Lily stepped backwards, her heart thudding painfully at the angry accusations. She felt tears building, but choked them down. “We’ve made mistakes, but we love you and your brother. Now come downstairs and eat your lunch like a member of this family. And we will explain why we’re having to wait so long.”

“I want to go to bed. I’m not hungry.” Isobel jerked open her now unblocked bedroom door and disappeared behind it. The lock’s quiet click dismissed her mother succinctly.

Lily stared at the closed door. She knew over a dozen charms to unlock such a simple unwarded barrier, but she didn’t dare use one. She couldn’t face the fury of her nine year old again so soon. The child waxed hot and cold, from affection, to apprehension, to anger so quickly sometimes that Lily felt dizzy. A good parent shouldn’t let her child throw a tantrum and scream at her mother and hide behind locked doors. Good parents also didn’t misplace their children for years at a time.

A moment before she could sink to the floor and just sob, a hand was on her shoulder. Bartholomew fixed her with his kind grey eyes and guided her to a chair. “She doesn’t mean it. She’s confused and disappointed. James told me he hated me a couple of times before he finished growing up. This is all a huge adjustment for her, for all of us. Why don’t we just leave her alone to cool off for now? She’ll get hungry soon enough and we can address the tantrum with cooler heads all around.”

“She loves you,” Lily choked, unreasonably jealous of her father-in-law’s easy, comfortable relationship with her daughter. “You don’t scare her or make her angry. Why is it easy for her to love you?”

“I don’t know.” Bart patted Lily’s back and let her lean her head on his shoulder. “Let’s go down and eat our lunch while it’s warm. Come on, before James and Melinda head up here to help too.”


A simple compass spun lazily in the hand of one very road weary George Weasley. The rusty needle finally settled on a direction and George trudged off into the trees on another new trajectory. The compass was magically calibrated to lead him to a rendezvous with one Sirius Black, his next contact in the rebellion. Unfortunately, it had been calibrated by Moody to lead him on a circuitous route designed to throw off anyone who might be ridiculous enough to be following him.
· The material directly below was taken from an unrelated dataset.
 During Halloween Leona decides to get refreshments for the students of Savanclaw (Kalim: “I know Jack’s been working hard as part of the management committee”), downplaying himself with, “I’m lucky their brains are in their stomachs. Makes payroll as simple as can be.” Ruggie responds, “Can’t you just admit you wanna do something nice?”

It wasn’t that George hadn’t expected some paranoia from his mentor/master but a week’s wandering was just excessive. If he weren’t magically bound to Moody’s command to follow the damn compass, he’d have given it up as a bad job days ago. George paused and frowned. Who was he kidding? He couldn’t think of anything to do as an alternative to Moody’s directions. He wanted to save his brother but had no way to even find him. At least once he was active in the rebellion he could request to work with people focused on opposing the Reapers.
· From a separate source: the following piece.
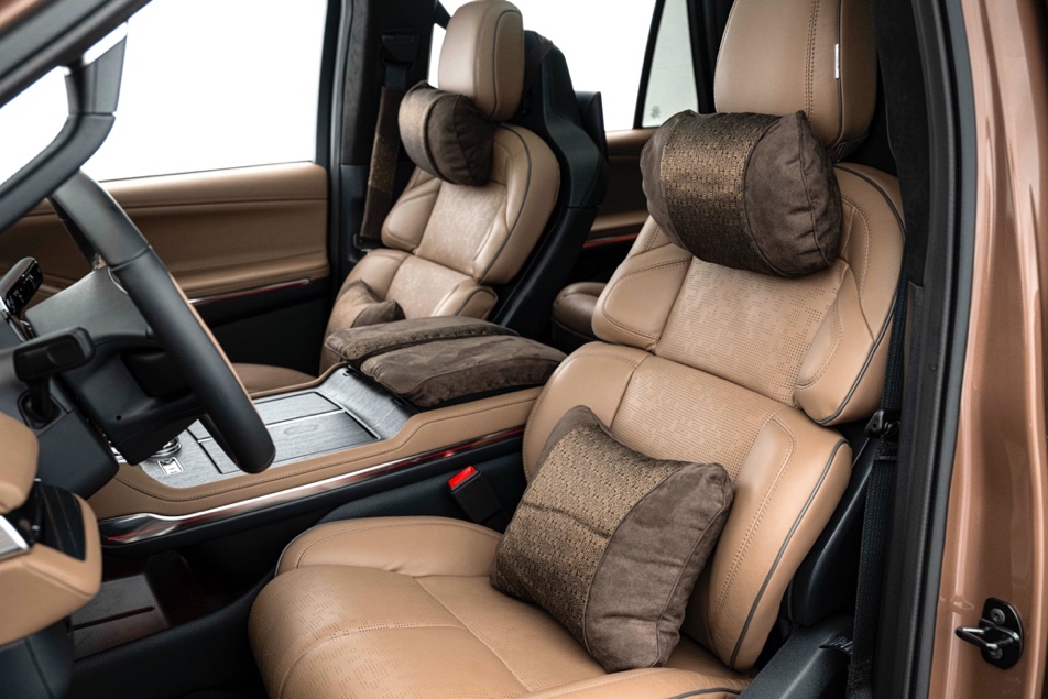 而近2米的车高也允许二排统帅座的坐高设置到近1米,确保前后排乘客窗外视野不受阻挡,“统帅视线”尽收广阔天地,一览众山小。再配合48英寸环抱式4K超高清显示屏和“焕活舒享”一键式全体感车内SPA体验,身处车内,所触所感尽是巅峰美式豪华的魅力。

An organization made exclusively of volunteers, surely the rebellion allowed new recruits some say in their area of focus. Stepping into a clearing, George froze--the compass in his robe pocket had begun to thrum gently.

Biting back the inclination to call a hello, George pulled out his wand and waited for something to happen. “Shit,” he whispered. A rather large black dog materialized out of the shadows. For a moment he thought it was a wolf, but his muzzle was too round and his proportions weren’t quite right for that. “Good dog.”

The woods had become unnaturally still, and another animal emerged, this time a snowy spotted cougar. George could see flickers of other creatures nearby, a hawk in the trees, a scurrying squirrel, a ruffled owl. Animagi, he realized in a rush. Moody sent me to other Animagi.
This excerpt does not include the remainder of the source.